# Lambo Doors for Cruze



## CruzeBC (Feb 10, 2012)

*::GT FACTORY:: Angel Door System -Rear Lambo Doors For Your Vehicle.
Or available here.
11-up Chevrolet Cruze Vertical Doors at Andy's Auto Sport
:th_coolio:*


----------



## Mick (Dec 31, 2011)

Ban.


----------



## boats4life (May 28, 2011)

No, thank you. I'd like the Cruze to not be ridiculed.


----------



## Smurfenstein (Nov 16, 2011)




----------



## boats4life (May 28, 2011)

*fixed


----------



## Nobody (Feb 12, 2012)

Don't forget some 24" spinners and a neon underbody kit.


----------



## 70AARCUDA (Nov 14, 2010)

...bling, bling, bling, ding...


----------



## CHEVYCRUZE RS (Mar 29, 2011)

hahaha, 24'' spinners!!!! 

imagine.......


----------



## Smurfenstein (Nov 16, 2011)

Nobody said:


> Don't forget some 24" spinners and a neon underbody kit.

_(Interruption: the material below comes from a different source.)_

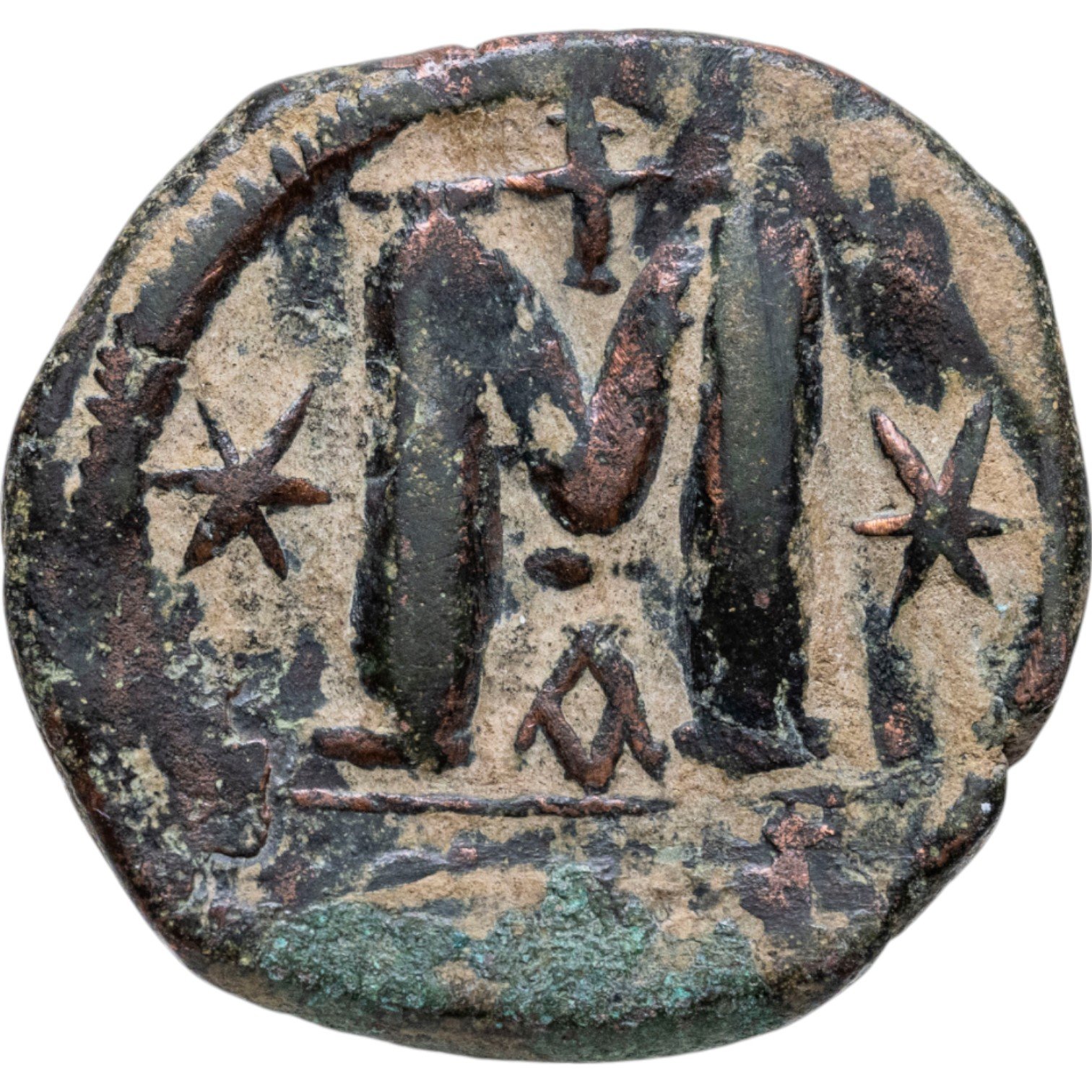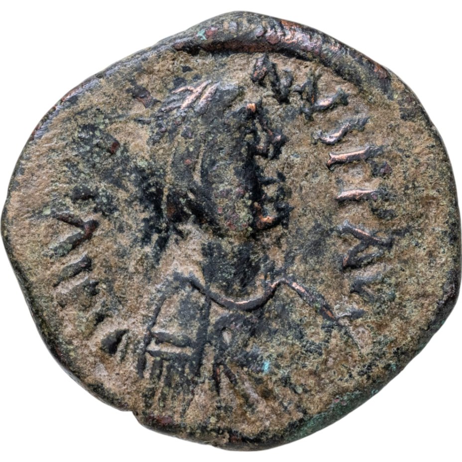 Аверс: DN IVSTINIANVS P P AVC, драпированный бюст императора в диадеме, повернутый вправо.

Or the sawtooth hood, you gotta have that.


----------



## boats4life (May 28, 2011)

CHEVYCRUZE RS said:


> hahaha, 24'' spinners!!!!
> 
> imagine.......


No, don't imagine, lol. However, I am considering getting the KMC Rockstars for my Cruze and those are 20s... I'll keep my eco wheels for autocross events. lol


----------



## H3LLON3ARTH (Dec 16, 2011)

boats4life said:


> No, don't imagine, lol. However, I am considering getting the KMC Rockstars for my Cruze and those are 20s... I'll keep my eco wheels for autocross events. lol


Haha that what im doin

h3llion


----------